Description of the task =>
Please repeat, exactly and without pictures, the lines of the entries below that run from the one containing "Vaja läheb: 400" through the one containing "WALK FISH-señuelo de".

Information =>
----

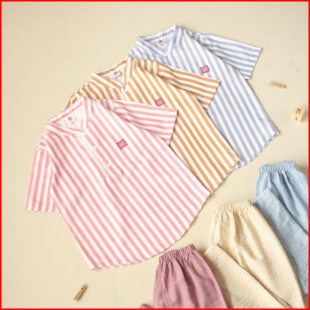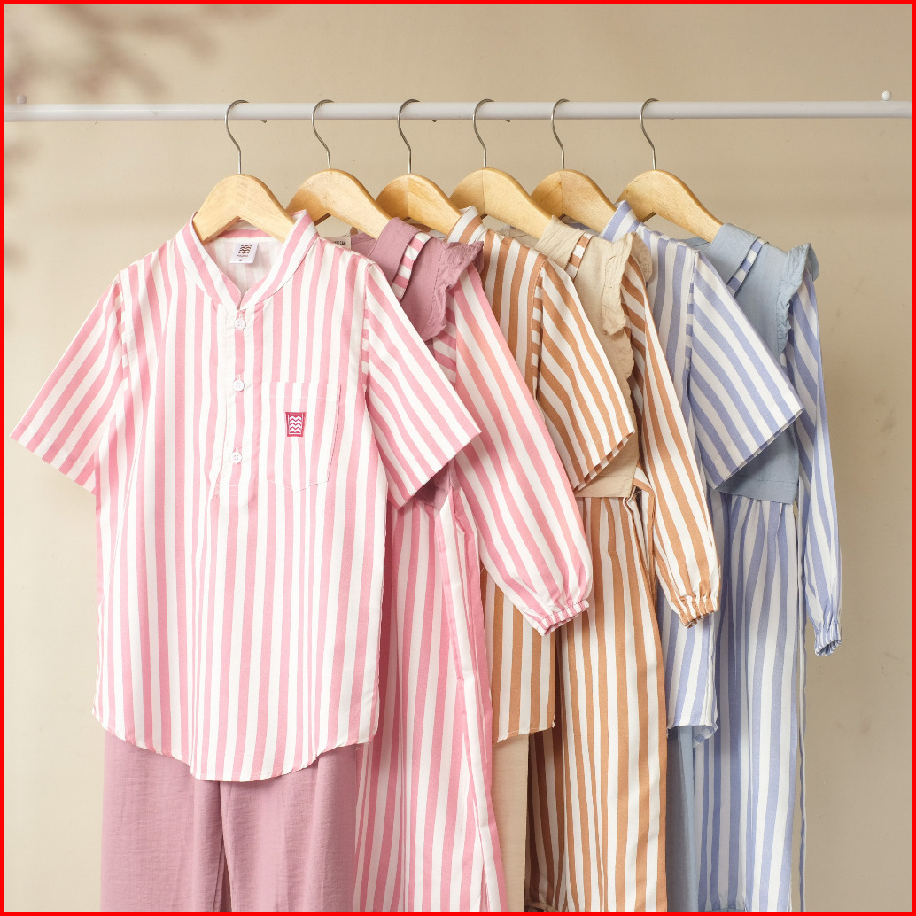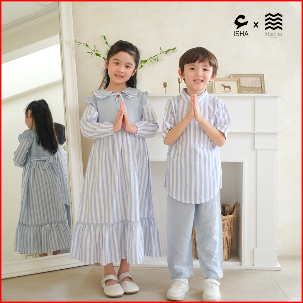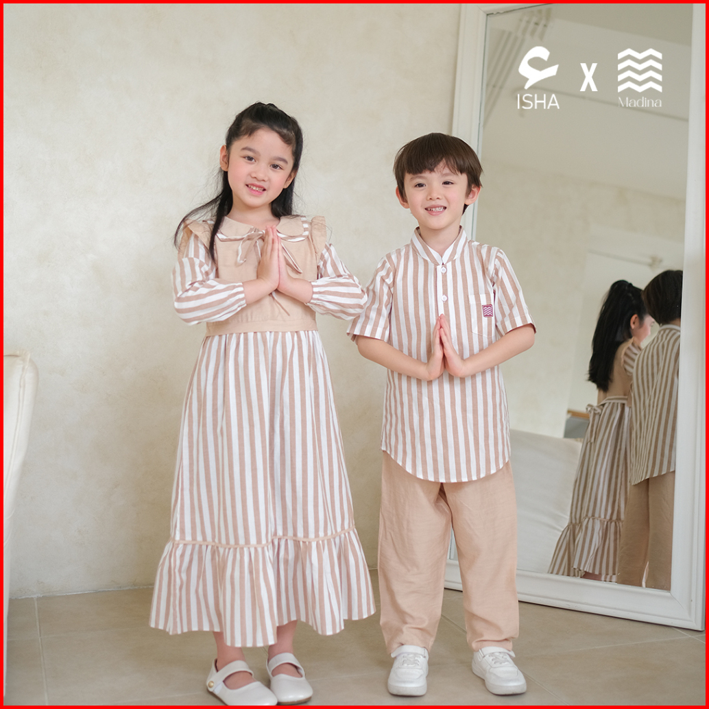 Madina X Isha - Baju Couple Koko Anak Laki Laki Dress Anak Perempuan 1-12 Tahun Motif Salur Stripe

----

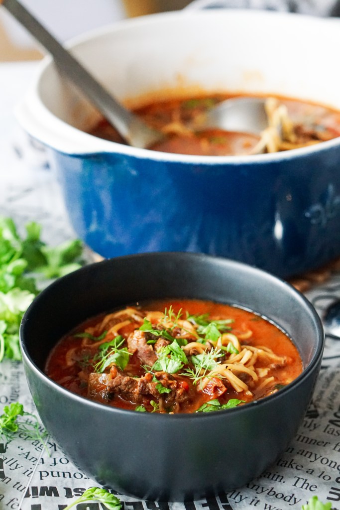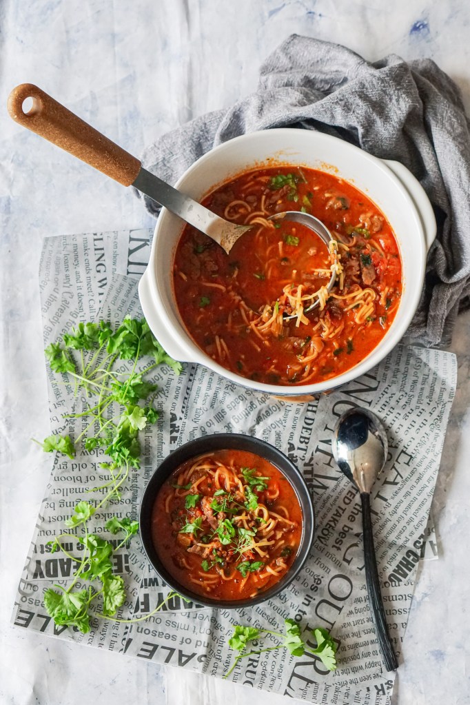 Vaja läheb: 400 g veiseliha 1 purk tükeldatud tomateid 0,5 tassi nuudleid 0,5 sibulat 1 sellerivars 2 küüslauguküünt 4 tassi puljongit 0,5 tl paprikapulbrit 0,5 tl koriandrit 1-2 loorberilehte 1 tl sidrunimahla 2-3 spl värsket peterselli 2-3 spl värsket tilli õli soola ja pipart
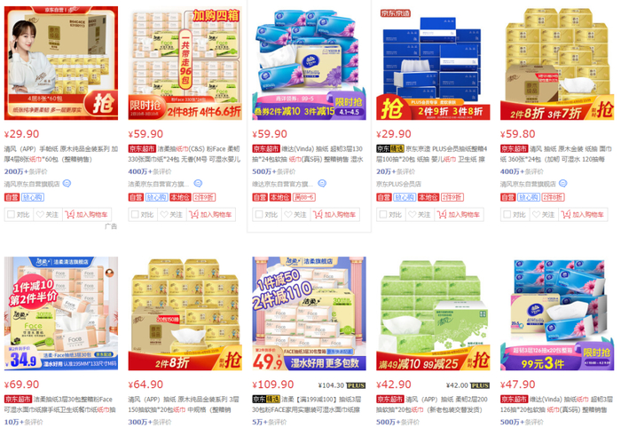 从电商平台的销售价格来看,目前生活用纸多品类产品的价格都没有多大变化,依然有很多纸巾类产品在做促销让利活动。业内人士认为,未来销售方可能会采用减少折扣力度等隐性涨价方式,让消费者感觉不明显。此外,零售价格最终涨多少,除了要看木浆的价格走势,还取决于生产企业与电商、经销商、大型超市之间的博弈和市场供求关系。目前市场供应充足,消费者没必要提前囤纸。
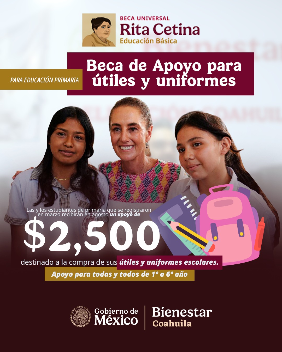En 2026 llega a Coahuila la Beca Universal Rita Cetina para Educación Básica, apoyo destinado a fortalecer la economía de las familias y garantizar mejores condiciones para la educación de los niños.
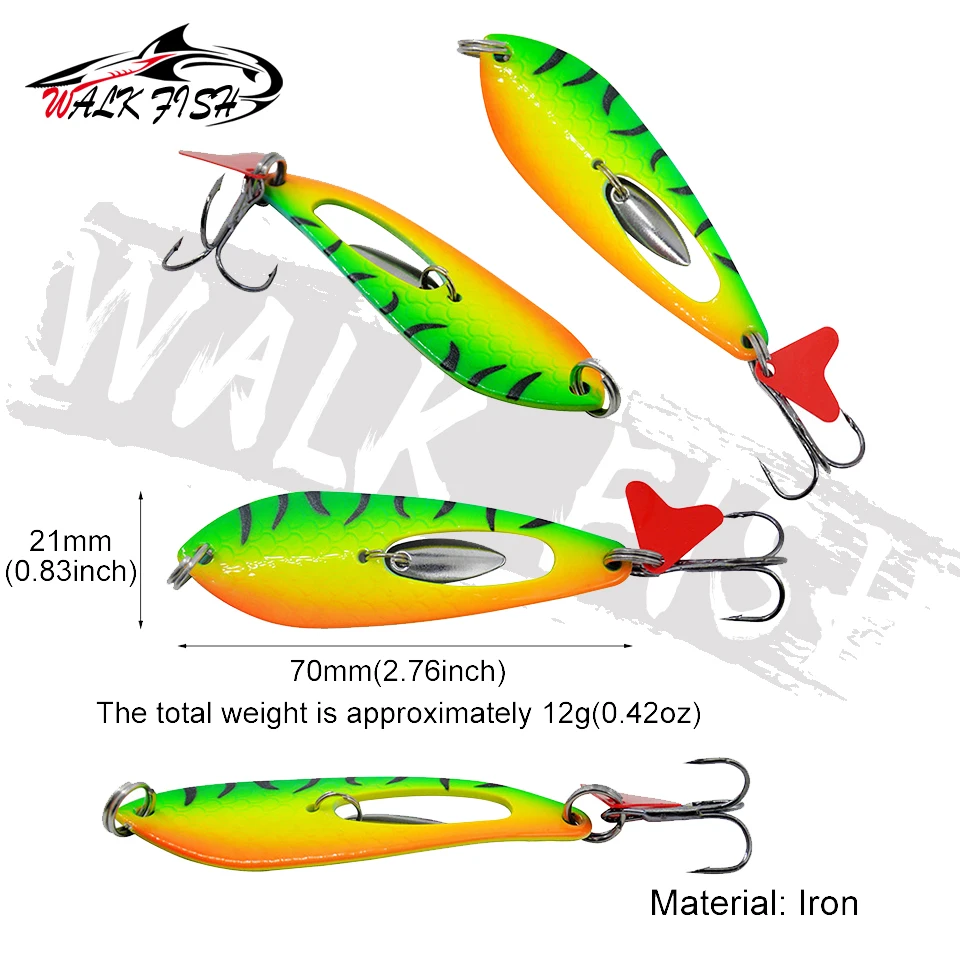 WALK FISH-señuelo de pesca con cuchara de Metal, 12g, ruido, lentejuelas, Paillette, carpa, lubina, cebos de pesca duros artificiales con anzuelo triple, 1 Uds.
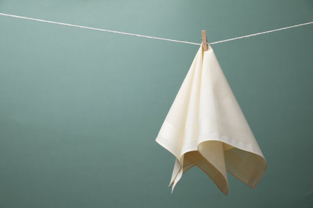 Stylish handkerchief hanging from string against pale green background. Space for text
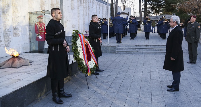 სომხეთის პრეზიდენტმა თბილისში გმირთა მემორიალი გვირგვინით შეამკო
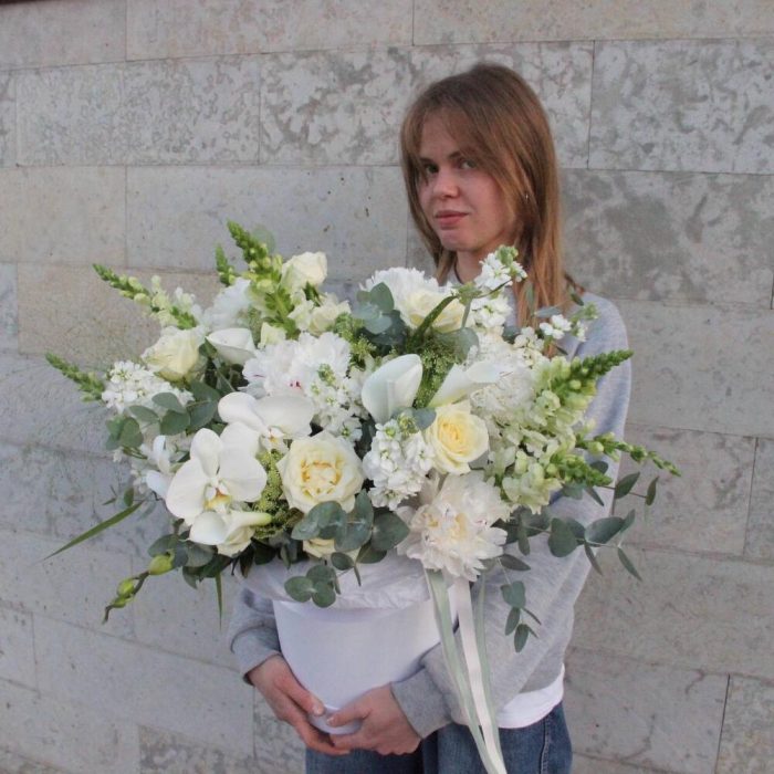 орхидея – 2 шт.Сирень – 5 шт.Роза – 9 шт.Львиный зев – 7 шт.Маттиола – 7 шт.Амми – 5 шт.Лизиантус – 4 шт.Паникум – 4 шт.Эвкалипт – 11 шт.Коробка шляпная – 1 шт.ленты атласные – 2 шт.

----

Exercise result =>
 Vaja läheb: 400 g veiseliha 1 purk tükeldatud tomateid 0,5 tassi nuudleid 0,5 sibulat 1 sellerivars 2 küüslauguküünt 4 tassi puljongit 0,5 tl paprikapulbrit 0,5 tl koriandrit 1-2 loorberilehte 1 tl sidrunimahla 2-3 spl värsket peterselli 2-3 spl värsket tilli õli soola ja pipart
 从电商平台的销售价格来看,目前生活用纸多品类产品的价格都没有多大变化,依然有很多纸巾类产品在做促销让利活动。业内人士认为,未来销售方可能会采用减少折扣力度等隐性涨价方式,让消费者感觉不明显。此外,零售价格最终涨多少,除了要看木浆的价格走势,还取决于生产企业与电商、经销商、大型超市之间的博弈和市场供求关系。目前市场供应充足,消费者没必要提前囤纸。
En 2026 llega a Coahuila la Beca Universal Rita Cetina para Educación Básica, apoyo destinado a fortalecer la economía de las familias y garantizar mejores condiciones para la educación de los niños.
 WALK FISH-señuelo de pesca con cuchara de Metal, 12g, ruido, lentejuelas, Paillette, carpa, lubina, cebos de pesca duros artificiales con anzuelo triple, 1 Uds.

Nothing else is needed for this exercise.